Daily Review (First 14 Days per Client)

Every transcript gets read during the first two weeks. Not sampled. Every single one. This is where you catch the problems that, left unfixed, become the reason a client cancels in month two.

What to look for each day:

Daily review process (15-20 minutes per client):

  1. Pull all transcripts from the previous 24 hours

  2. Read each transcript start to finish

  3. Flag any issues using the 5-point scorecard (covered below)

  4. Fix critical issues immediately (wrong pricing, broken booking flow)

  5. Log non-critical issues for the weekly knowledge base update

  6. Send the client a brief update if you fixed anything: "We caught a pricing discrepancy on your after-hours rate and corrected it this morning"

Weekly Review (After 14 Days)

Once an agent has been live for two weeks with issues resolved, you shift to sampling 20-30% of transcripts. The goal changes from catching deployment errors to monitoring for drift and identifying improvement opportunities.

What changes at the weekly cadence:

Weekly review process (30-45 minutes per client):

  1. Pull the full transcript list from the past 7 days

  2. Select 20-30% of transcripts using stratified sampling (mix of days, times, call types)

  3. Score each sampled transcript on the 5-point scorecard

  4. Compare scores to previous weeks to identify trends

  5. Compile a list of knowledge base updates needed

  6. Push updates to the agent's knowledge base and conversation flows

Monthly Full Audit (All Clients)

Once per month, run a full audit across every client's agent. This is not a transcript-by-transcript review. It is a strategic assessment of whether each agent is still aligned with the client's current business.

Monthly audit checklist:

The 5-Point Quality Scorecard

Score every reviewed call on five dimensions, each rated 1 (fail), 2 (needs improvement), or 3 (pass). A call scoring below 12 out of 15 needs investigation. An agent consistently scoring below 12 across multiple calls needs immediate intervention.

1. Greeting Accuracy

The agent should identify the business by name, match the expected tone, and orient the caller within the first 10 seconds. A dental office agent that opens with "Hi, how can I help you today?" without naming the practice fails this criterion. The caller needs confirmation they reached the right place.

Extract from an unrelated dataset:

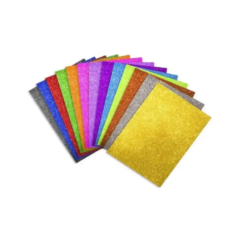 Foamy escarchado en medio pliego ideal para manualidades, proyectos escolares y decoración con acabado brillante y fácil manipulación.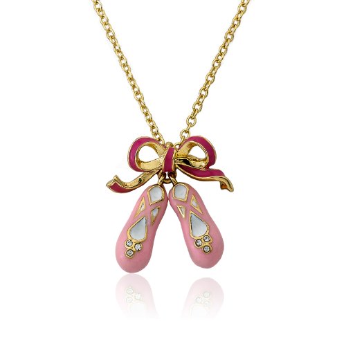 Little Miss Twin Stars 14k Gold-Plated Pink Enamel Bow and Ballerina Shoes Pendant Chain Necklace

Pass (3): Names the business, uses the correct greeting script, matches the brand's tone Needs improvement (2): Names the business but uses a generic or mismatched tone Fail (1): Does not name the business, uses the wrong business name, or opens with a confusing prompt

2. Information Correctness

Every fact the agent states must be verifiable against the client's current knowledge base. This includes pricing, service descriptions, availability, location details, and policy information. Partial correctness counts as a fail because callers cannot distinguish between "mostly right" and "completely right."

Pass (3): All stated facts match the current knowledge base Needs improvement (2): Minor inaccuracies that did not affect the outcome (e.g., rounding a price to the nearest $10) Fail (1): Stated incorrect pricing, hours, services, or policies that could mislead the caller

3. Appointment Handling

If the caller expressed any interest in booking, the agent should have attempted to schedule. "I'll have someone call you back" when the calendar integration is active and the caller is ready to book is a missed conversion.

Pass (3): Offered booking when appropriate, confirmed details, provided confirmation Needs improvement (2): Offered booking but missed a detail (no confirmation, wrong appointment type) Fail (1): Did not offer booking when the caller was clearly interested, or booked with incorrect details

4. Escalation Handling

Certain calls must reach a human: emergencies, complex complaints, high-value opportunities the client wants to handle personally, or situations where the caller explicitly asks to speak with someone. The agent should recognize these triggers and route accordingly.

Pass (3): Correctly identified escalation triggers and routed to the appropriate person or sent an urgent notification Needs improvement (2): Identified the need for escalation but used a slow channel (email instead of SMS for an emergency) Fail (1): Missed an obvious escalation trigger, or told the caller "someone will get back to you" for an emergency

5. Tone and Professionalism

The agent should sound natural, match the client's brand personality, and handle unexpected questions gracefully. Robotic repetition of scripts, abrupt topic changes, and failure to acknowledge caller frustration all fall here.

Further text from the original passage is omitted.